• News

  • Kesra

Ini Penyebab Angka Kekerasan pada Anak Tinggi di Indonesia

Kekerasan pada anak sering terjadi di dalam rumah maupun lingkungan sekitar anak.
Konvesi
Kekerasan pada anak sering terjadi di dalam rumah maupun lingkungan sekitar anak.

JAKARTA, NETRALNEWS.COM - Deputi Bidang Perlindungan Anak Kementerian Pemberdayaan Perempuan dan Perlindungan Anak (KPPPA) Pribudiarta Nur Sitepu menegaskan, menurut survei yang dilakukan oleh Badan Pusat Statistik (BPS) dan Kementerian Sosial (Kemensos) pada 2013, kekerasan seksual pada anak laki-laki dan perempuan di Indonesia tinggi.

Pribudiarta memaparkan, sebesar 6,3 persen kekerasan seksual terjadi pada perempuan dan sebesar 6,4 persen terjadi pada laki-laki. Jika dikalikan dengan jumlah anak di Indonesia, angka kekerasan ternyata terjadi pada 600.000 hingga 900.000 anak.

"Kenapa meningkat?, karena ini fenomena gunung es yang mulai terlihat.
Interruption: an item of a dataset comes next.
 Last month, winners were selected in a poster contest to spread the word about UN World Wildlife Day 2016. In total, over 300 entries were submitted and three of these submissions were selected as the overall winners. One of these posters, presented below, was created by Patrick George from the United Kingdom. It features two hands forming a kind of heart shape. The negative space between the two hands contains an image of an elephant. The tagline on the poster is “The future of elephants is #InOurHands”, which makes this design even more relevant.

Saat ini juga telah banyak pihak yang memahami kekerasan seksual," ujar Pribudiarta dalam sambutan acara Seminar Pembelajaran Upaya Pencegahan Eksploitasi Seksual Komersial Anak (ESKA) dan Kekerasan Seksual terhadap Anak di Masyarakat Adat dan Perkotaan, di Kantor KPPPA di Jakarta, Selasa (1/8/2017).
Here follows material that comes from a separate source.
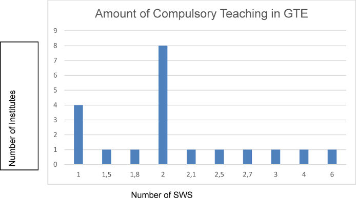 In the concluding questions of the survey we asked about the structural framework for GTE teaching at the respective institutions. We also asked about possible difficulties associated with teaching GTE. According to free-text comments most respondents mentioned the lack of staff positions (ten citations). Further problems cited were an insufficient number of teaching hours for teaching GTE content (nine citations) and too low an estimation of GTE on side of the faculties (seven citations) and students (six citations). Three respondents formulated as basic requirement the foundation of an institute for teaching of GTE.

Pribudiarta menjelaskan, jumlah anak di Indonesia sendiri ada sebanyak 87 juta jiwa, yakni sebesar 34 persen dari total penduduk Indonesia. Dengan angka ini, Pribudiarta menegaskan bahwa pemerintah memiliki target, Indonesia bebas kekerasan pada 2030.

"2030 kekerasan tidak boleh ada lagi. Kesetaraan gender terwujud. Maka penting untuk investasi, bekerjasama melindungi dan cegah kekerasan anak dengan jumlah besar," kata Pribudiarta.

Sehingga, bagi pihak Pribudiarta, isu perlindungan anak saat ini amat strategis di tingkat nasional, karena isu perlindungan anak menyangkut pula kesejahteran masa depan. Kesejahteraan ini tentu tidak hanya bagi anak semata, melainkan kesejahteraan oleh seluruh masyarakat Indonesia.

"Berbagai upaya pencegahan sudah dilakukan supaya ESKA tidak terjadi, karena upaya memutus kekerasan jadi bagian penting jika berharap bonus demografi dapat terjadi," tukas Pribudiarta.